* **WORK TO COMPLETE**: Lines to restate from the data below: from the one containing "아마존 새로운 가죽 색상" to the one containing "- Размер дистрибутива", both included. Give them again exactly, and only them.

* **EXERCISE MATERIALS**:

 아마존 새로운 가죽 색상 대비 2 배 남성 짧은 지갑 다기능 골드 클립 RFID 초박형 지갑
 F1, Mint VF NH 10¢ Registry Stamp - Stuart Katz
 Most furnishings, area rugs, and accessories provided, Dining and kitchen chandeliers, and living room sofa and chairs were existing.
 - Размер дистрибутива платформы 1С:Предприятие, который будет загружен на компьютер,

---

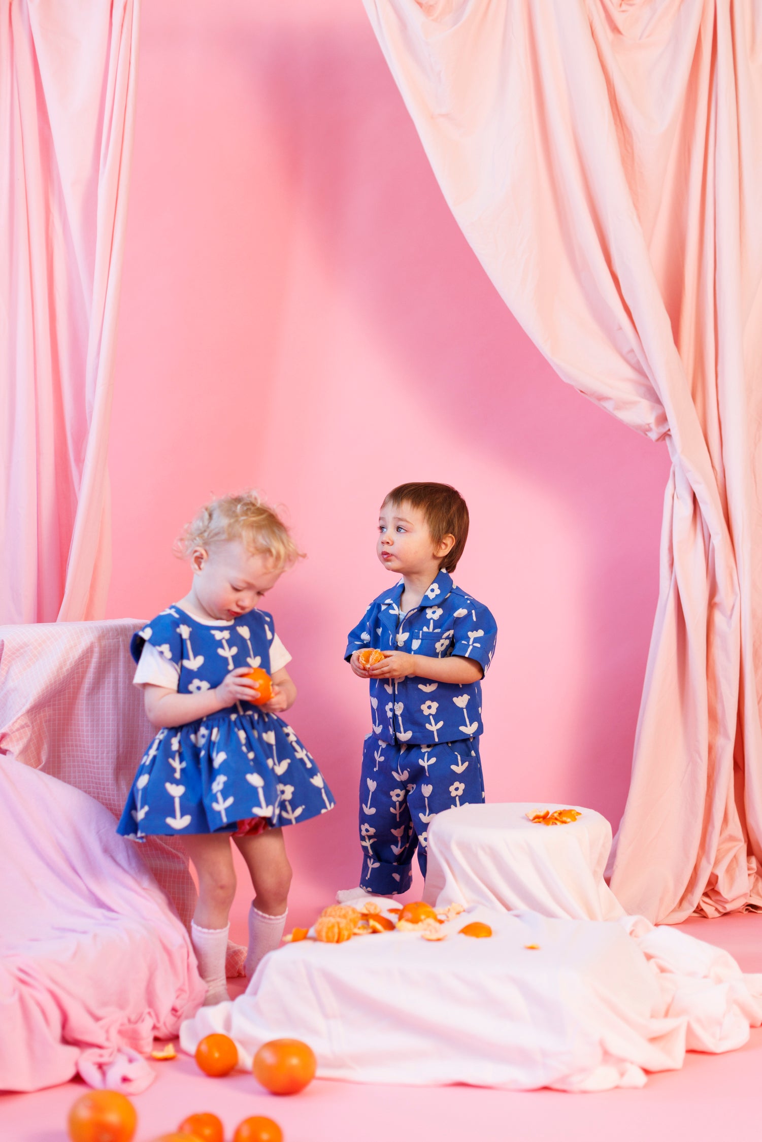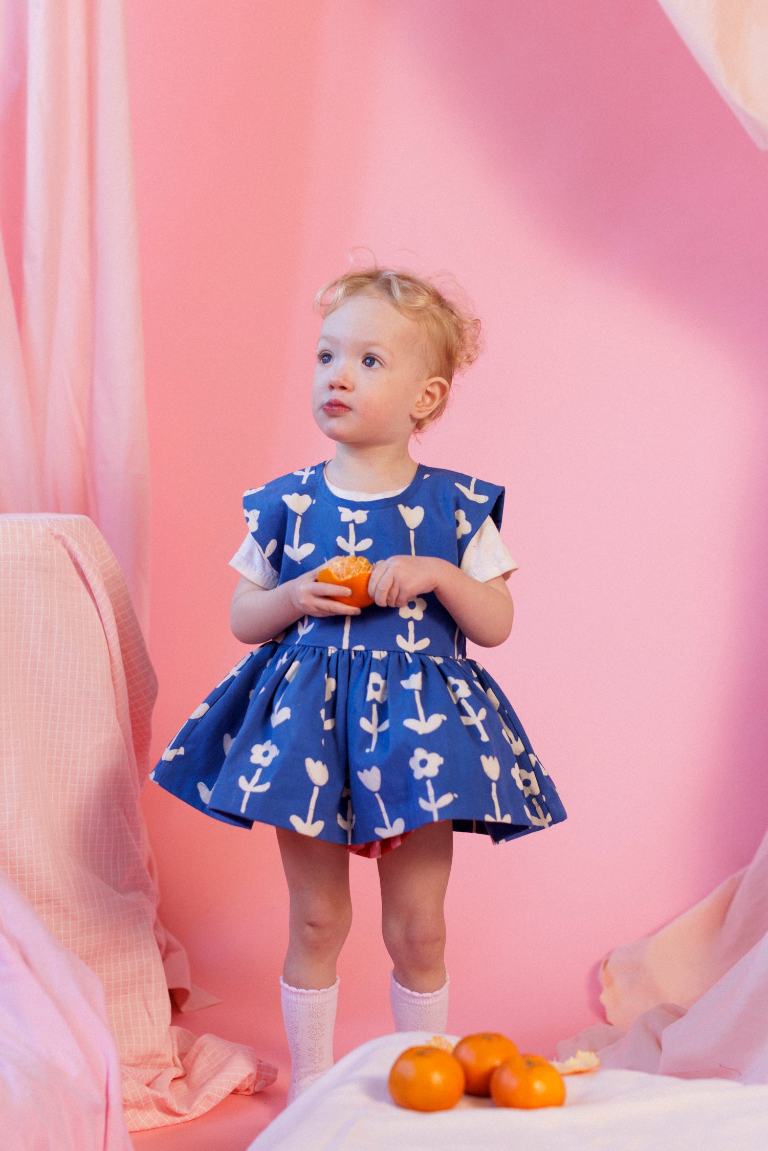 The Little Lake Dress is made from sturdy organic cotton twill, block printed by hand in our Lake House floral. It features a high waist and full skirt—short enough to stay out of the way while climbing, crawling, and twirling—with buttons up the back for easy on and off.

* **COMPLETED EXERCISE**:
 아마존 새로운 가죽 색상 대비 2 배 남성 짧은 지갑 다기능 골드 클립 RFID 초박형 지갑
 F1, Mint VF NH 10¢ Registry Stamp - Stuart Katz
 Most furnishings, area rugs, and accessories provided, Dining and kitchen chandeliers, and living room sofa and chairs were existing.
 - Размер дистрибутива платформы 1С:Предприятие, который будет загружен на компьютер,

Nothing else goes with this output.